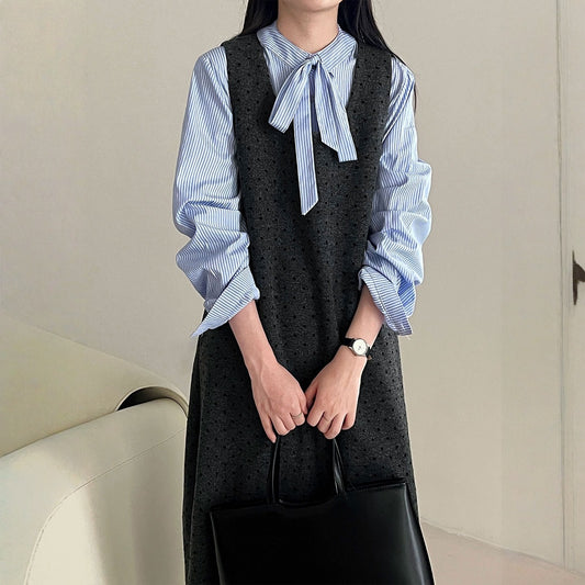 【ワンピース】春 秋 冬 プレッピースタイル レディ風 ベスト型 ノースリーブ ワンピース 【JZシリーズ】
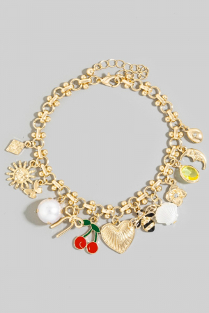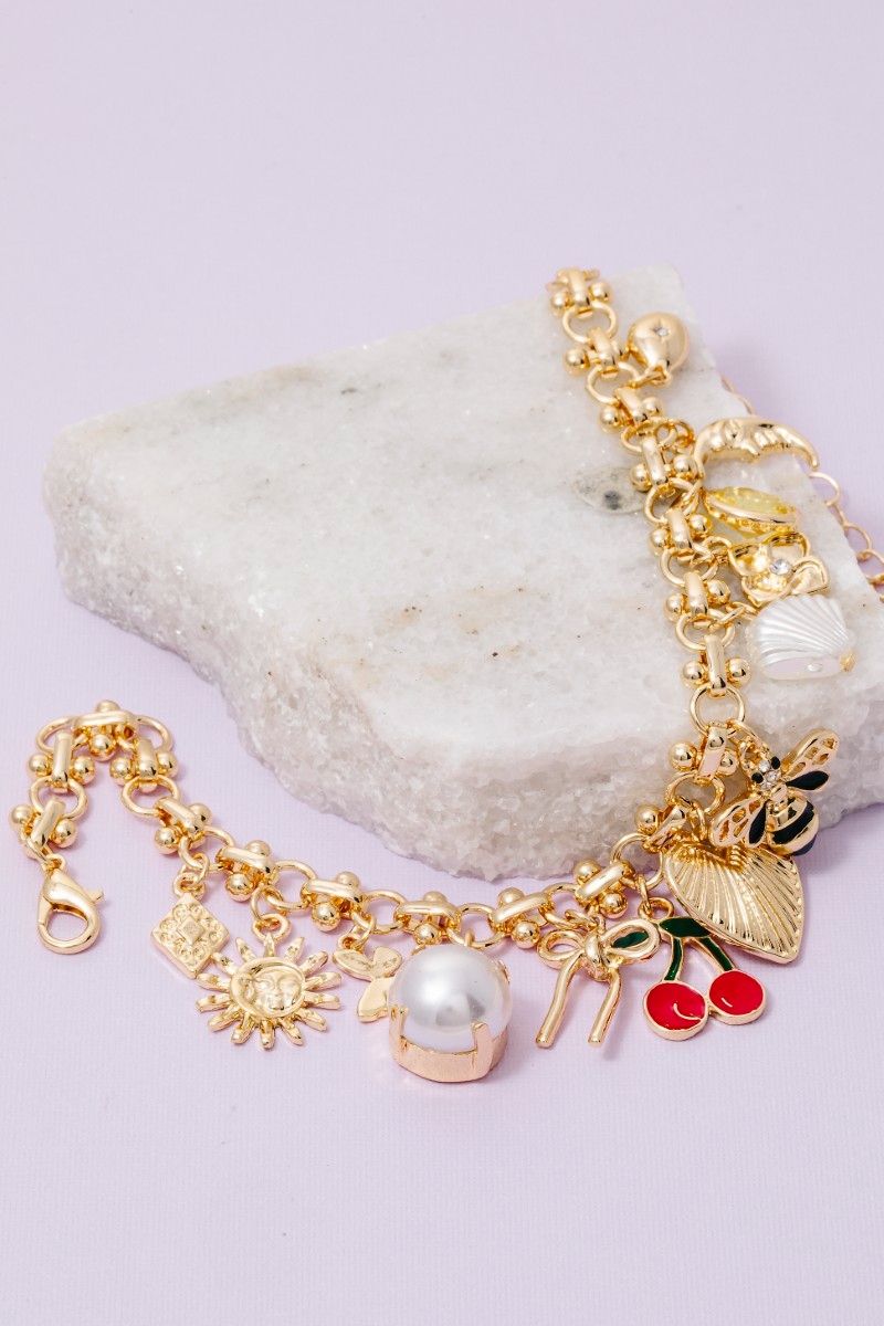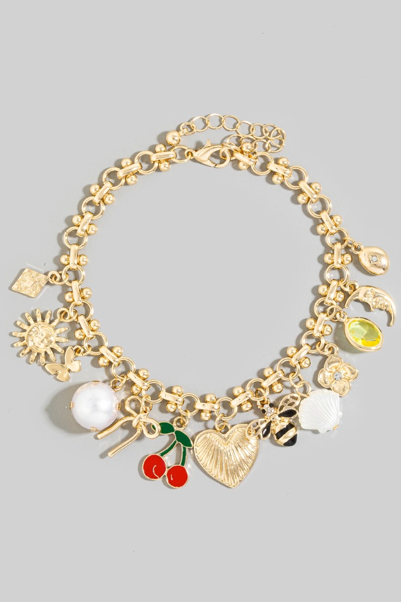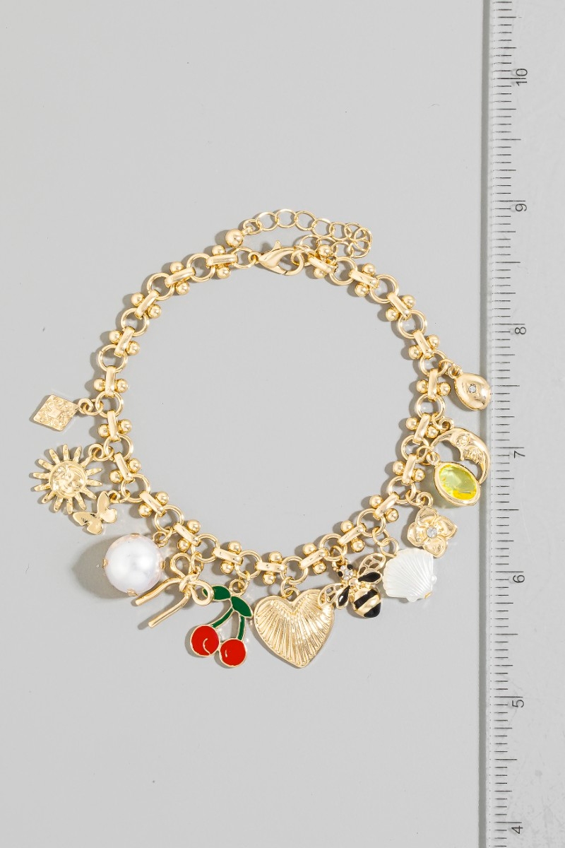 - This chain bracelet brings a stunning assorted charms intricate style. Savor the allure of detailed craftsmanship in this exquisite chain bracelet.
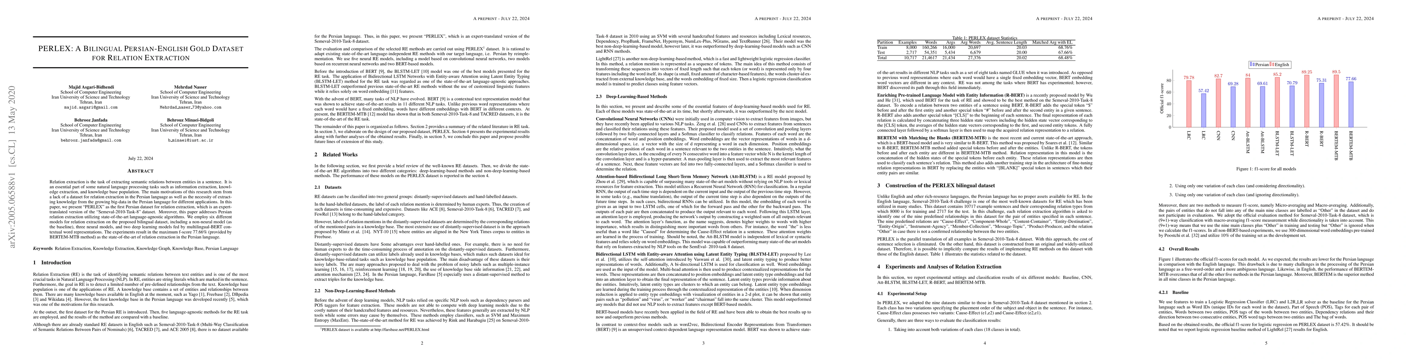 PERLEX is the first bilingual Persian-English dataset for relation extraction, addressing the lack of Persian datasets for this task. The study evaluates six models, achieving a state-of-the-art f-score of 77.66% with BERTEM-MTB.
--
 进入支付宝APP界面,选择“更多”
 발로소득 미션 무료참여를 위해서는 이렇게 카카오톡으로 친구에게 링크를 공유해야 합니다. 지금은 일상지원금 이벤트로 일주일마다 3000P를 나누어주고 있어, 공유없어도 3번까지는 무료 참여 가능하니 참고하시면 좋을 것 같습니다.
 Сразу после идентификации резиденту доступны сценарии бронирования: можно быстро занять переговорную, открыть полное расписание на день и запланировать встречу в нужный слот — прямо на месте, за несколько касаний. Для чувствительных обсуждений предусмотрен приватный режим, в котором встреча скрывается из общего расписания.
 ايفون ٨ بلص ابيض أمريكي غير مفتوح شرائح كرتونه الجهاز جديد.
--
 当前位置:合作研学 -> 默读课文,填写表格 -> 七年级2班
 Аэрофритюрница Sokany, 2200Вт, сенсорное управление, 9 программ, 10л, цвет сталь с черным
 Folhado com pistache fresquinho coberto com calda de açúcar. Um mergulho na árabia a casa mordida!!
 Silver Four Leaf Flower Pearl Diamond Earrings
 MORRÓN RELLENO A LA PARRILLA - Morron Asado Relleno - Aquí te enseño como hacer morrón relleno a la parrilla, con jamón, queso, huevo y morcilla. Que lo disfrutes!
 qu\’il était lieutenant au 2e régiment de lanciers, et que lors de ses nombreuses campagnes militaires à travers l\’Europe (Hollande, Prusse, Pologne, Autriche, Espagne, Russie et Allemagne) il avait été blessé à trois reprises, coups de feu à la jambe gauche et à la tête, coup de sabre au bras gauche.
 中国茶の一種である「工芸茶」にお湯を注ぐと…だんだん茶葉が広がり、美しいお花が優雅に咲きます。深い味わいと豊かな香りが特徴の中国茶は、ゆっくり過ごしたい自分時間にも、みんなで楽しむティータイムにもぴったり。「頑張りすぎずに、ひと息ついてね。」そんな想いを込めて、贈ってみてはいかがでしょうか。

ABOUT THIS EXERCISE:
Would you print exactly and only the lines of the material above that run from the line with "발로소득 미션 무료참여를" through the line with "ايفون ٨ بلص", both included?

TASK SOLUTION:
 발로소득 미션 무료참여를 위해서는 이렇게 카카오톡으로 친구에게 링크를 공유해야 합니다. 지금은 일상지원금 이벤트로 일주일마다 3000P를 나누어주고 있어, 공유없어도 3번까지는 무료 참여 가능하니 참고하시면 좋을 것 같습니다.
 Сразу после идентификации резиденту доступны сценарии бронирования: можно быстро занять переговорную, открыть полное расписание на день и запланировать встречу в нужный слот — прямо на месте, за несколько касаний. Для чувствительных обсуждений предусмотрен приватный режим, в котором встреча скрывается из общего расписания.
 ايفون ٨ بلص ابيض أمريكي غير مفتوح شرائح كرتونه الجهاز جديد.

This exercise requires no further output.